South Africa’s largest opposition party said on Sunday it would merge with a small party, but analysts said it was unlikely to pose a major challenge to the African National Congress (ANC) in the 2014 election.
The Democratic Alliance (DA) and the small Independent Democrats (ID) said they hoped their new alliance would capitalize on growing frustrations with the ANC over crime and the provision of education, health care and electricity.
“This event today must merely be seen as the first step in the important task of consolidating the opposition and offering voters a true alternative government,” ID leader Patricia de Lille said.
DA leader Helen Zille said the alliance would invite other opposition parties to join, hoping to score the majority in the next vote, but analysts were doubtful.
“This is not a strategic acquisition for the DA to bolster its black support and the merger is not going to reconfigure the political landscape,” said Nic Borain, an independent political analyst, referring to DA’s mainly white support.
Ebrahim Fakir, an analyst at the Electoral Institute of South Africa, said he also had doubts the alliance would last.
“They have distinct policy differences and that’s where the real difficulty is going to lie,” he told eTV news.
Since taking office in May last year, South African President Jacob Zuma has had to steer the country through its first recession in 17 years and deal with township protests over slow delivery of services and a series of strikes staged by union allies.
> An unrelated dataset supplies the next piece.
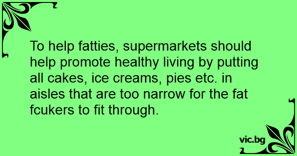 To help fatties, supermarkets should help promote healthy living by putting all cakes, ice creams, pies etc. in aisles that are too narrow for the fат fcukers to fit through.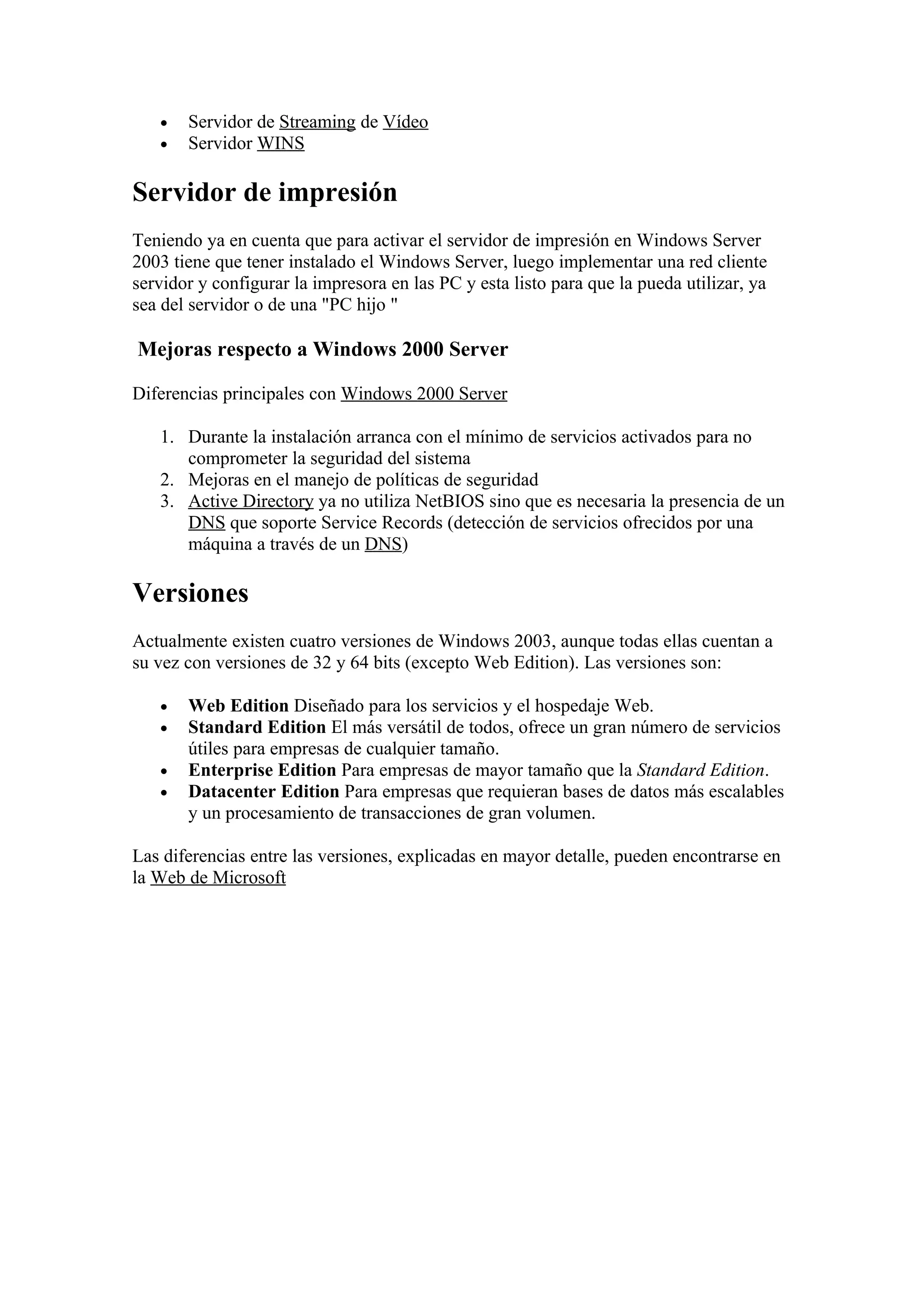 Windows Server 2003 es un sistema operativo de Microsoft lanzado en 2003 basado en la tecnología NT. Se caracteriza por estar optimizado para servidores con funciones de escritorio desactivadas por defecto. Incluye características como el sistema de archivos NTFS con cifrado y cuotas, Active Directory para gestión centralizada de red, y soporte para diferentes tipos de servidores como archivos, impresión y aplicaciones.

However, the ANC said the coalition was no threat to the party.
“There can never be a true merger between forces that are unequal in political strength,” the party said in a statement, adding that its voters would remain loyal because of the party’s track record over the years in power since the end of apartheid.
“No amount of swallowing of another organization by the DA will erase these credentials of the ANC from the minds of South Africans,” it said.
The DA, drawing much of its support from the region around Cape Town, received nearly 17 percent of the vote in the last election nationally, placing second behind the ANC, which won overwhelmingly with 66 percent. The ID won less than 1 percent.
The opposition parties said the ID would be phased out as a separate organization and its members would join the DA within the next four years.
ID local councilors will be entitled to hold dual membership until local elections next year, while members of parliament and provincial legislature will be entitled to hold dual membership until 2014.